What to work on.
Transcribe the records below in their entirety, and leave out each image.

<<<<

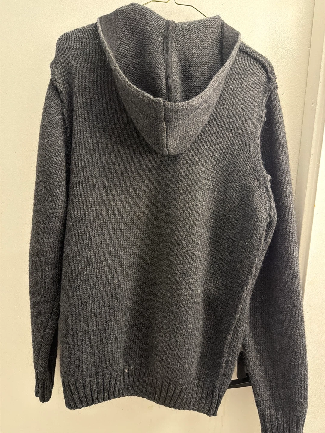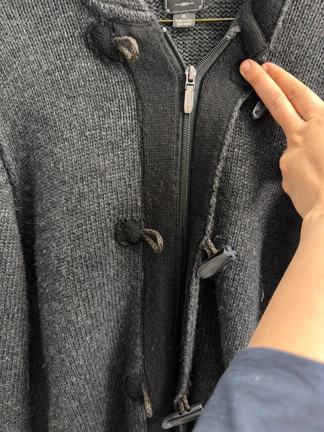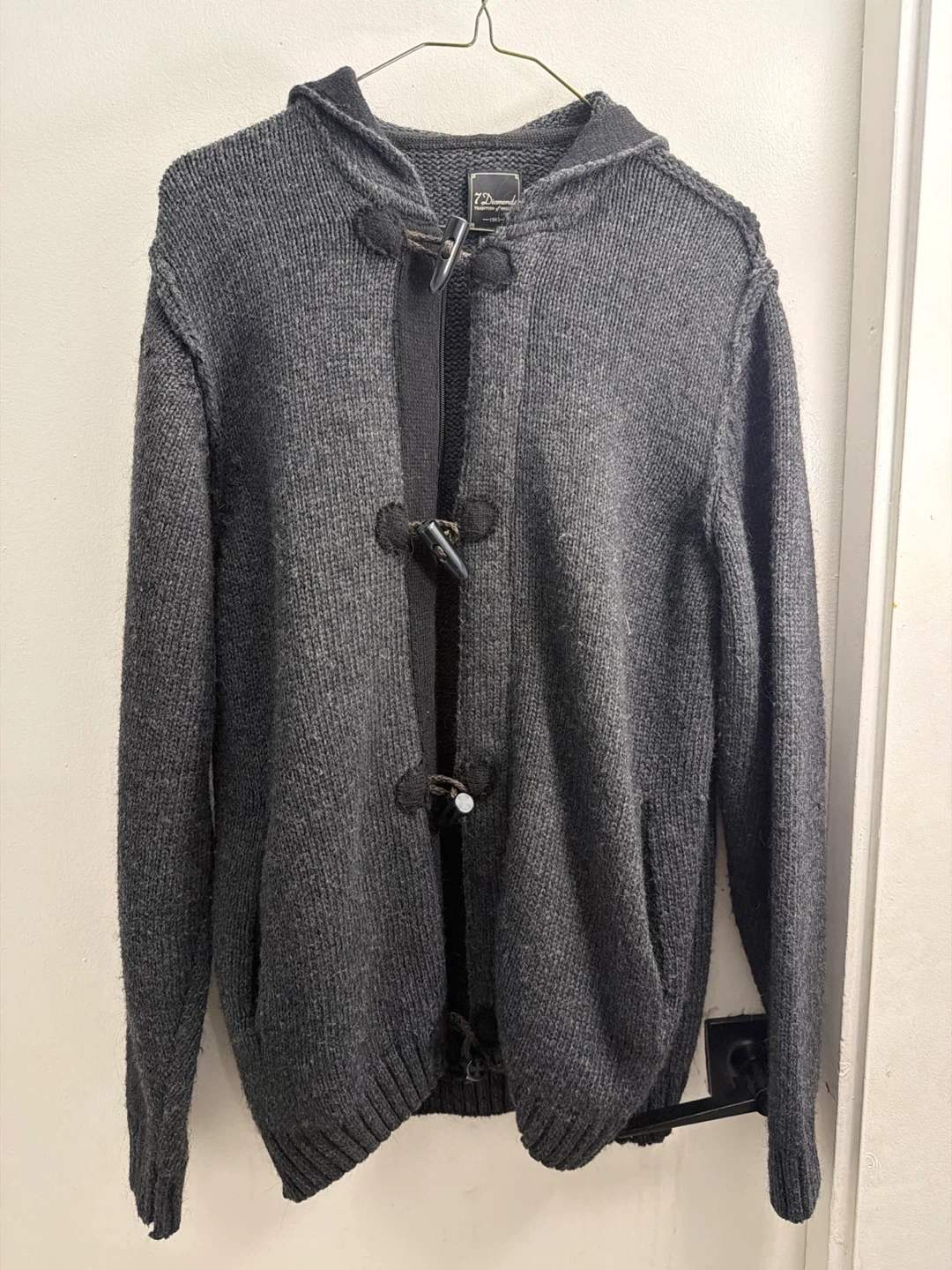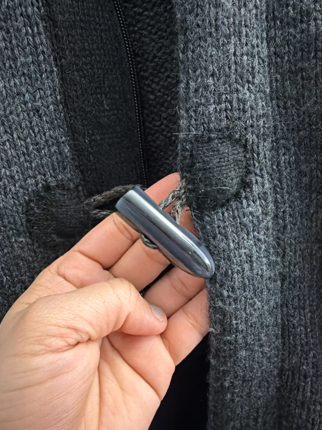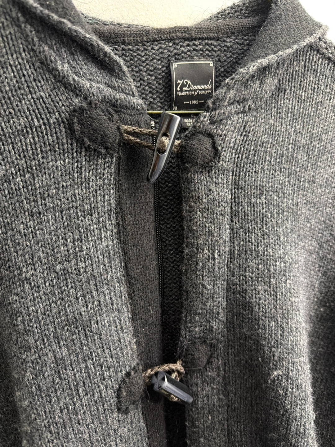 A cozy knit sweater hoodie from 7 Diamonds. Features duffle toggle closures and a full zip. Made with a soft, dark grey knit material. Perfect for layering on cooler days!
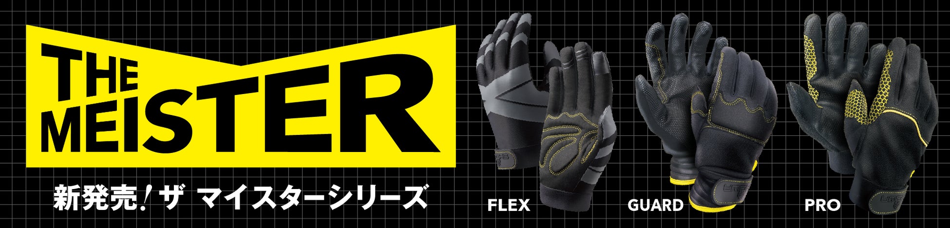 倉庫作業、建設、車両メンテナンスなどのプロフェッショナルな現場における安全性と作業効率への要求は、年々高まっています。多様化するニーズに応えるため、当社はこれまで取り扱いのなかった合成皮革手袋「THE MEISTER(ザ マイスター)」シリーズを発売することにいたしました。同シリーズは、手首部にフィット感を調整できる面ファスナーを採用。「FLEX(フレックス)」、「GUARD(ガード)」、「PRO(プロ)」の3モデルをラインナップし、繊細な作業から過酷な環境まで、幅広い現場の安全と生産性向上をサポートいたします。
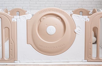 本製品の外側ドアパネルにはお子様も喜ぶくまさん付きのデザイン扉で、内側部分は宇宙をモチーフとしたデザインとなっています。デザイン扉によってベビーサークルに入りたがらないお子様にもサークル内が「楽しく遊べる場所」として出入りを促すことも可能です。
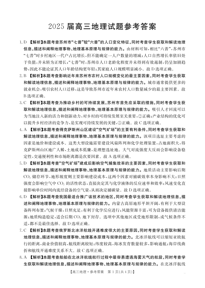 四川省2025届高三上学期12月联考 地理答案.pdf
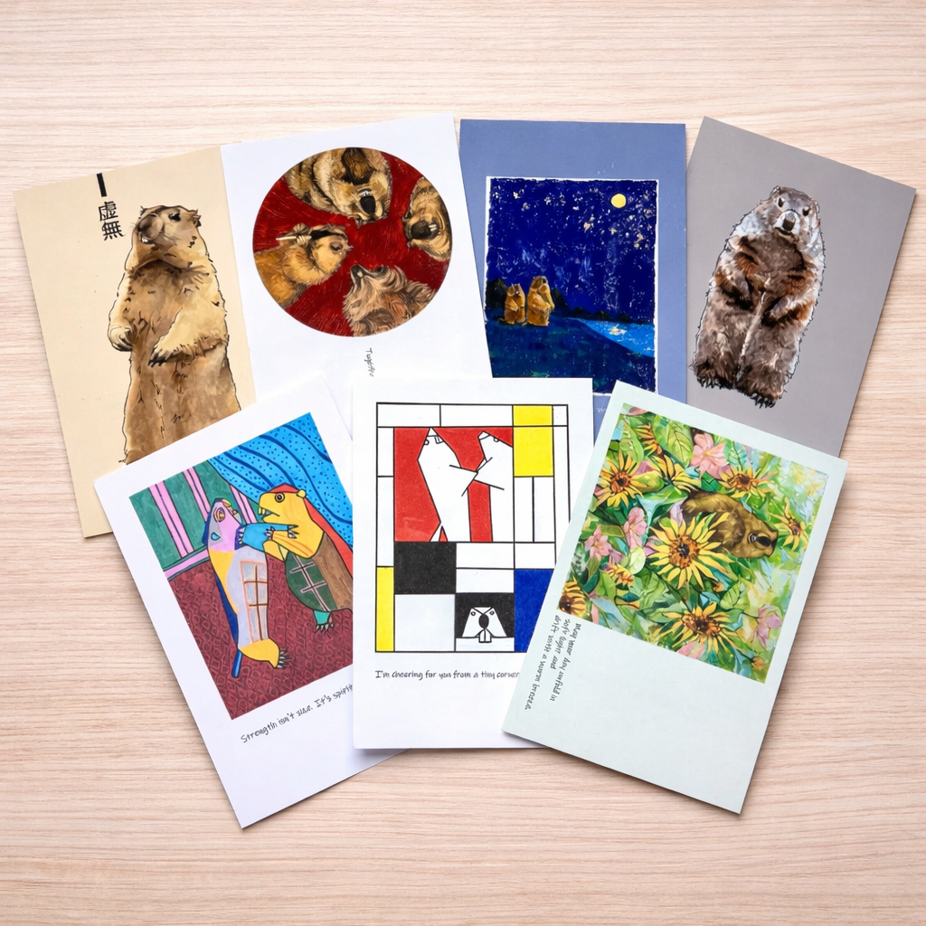 TSUBOMIさんが描く油絵マーモットのポストカード。
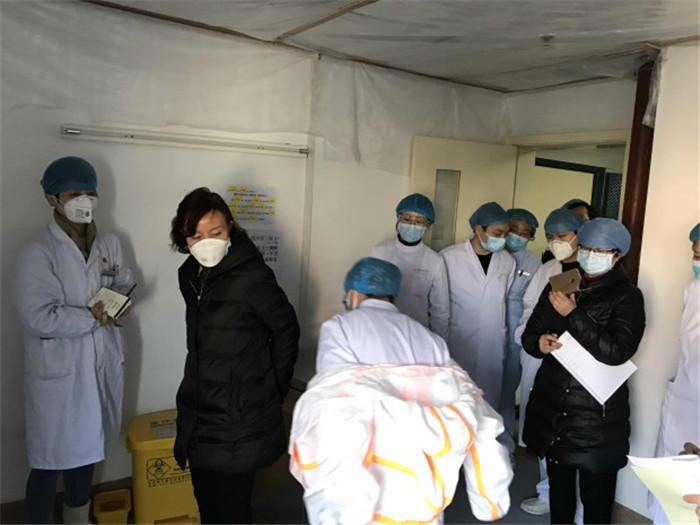 陈萍(左二)指导穿脱隔离衣
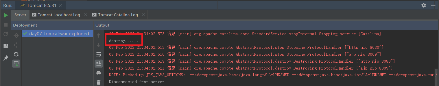 停止服务器后,则输出destroy...

>>>>

Solution to this task.
 A cozy knit sweater hoodie from 7 Diamonds. Features duffle toggle closures and a full zip. Made with a soft, dark grey knit material. Perfect for layering on cooler days!
 倉庫作業、建設、車両メンテナンスなどのプロフェッショナルな現場における安全性と作業効率への要求は、年々高まっています。多様化するニーズに応えるため、当社はこれまで取り扱いのなかった合成皮革手袋「THE MEISTER(ザ マイスター)」シリーズを発売することにいたしました。同シリーズは、手首部にフィット感を調整できる面ファスナーを採用。「FLEX(フレックス)」、「GUARD(ガード)」、「PRO(プロ)」の3モデルをラインナップし、繊細な作業から過酷な環境まで、幅広い現場の安全と生産性向上をサポートいたします。
 本製品の外側ドアパネルにはお子様も喜ぶくまさん付きのデザイン扉で、内側部分は宇宙をモチーフとしたデザインとなっています。デザイン扉によってベビーサークルに入りたがらないお子様にもサークル内が「楽しく遊べる場所」として出入りを促すことも可能です。
 四川省2025届高三上学期12月联考 地理答案.pdf
 TSUBOMIさんが描く油絵マーモットのポストカード。
 陈萍(左二)指导穿脱隔离衣
 停止服务器后,则输出destroy...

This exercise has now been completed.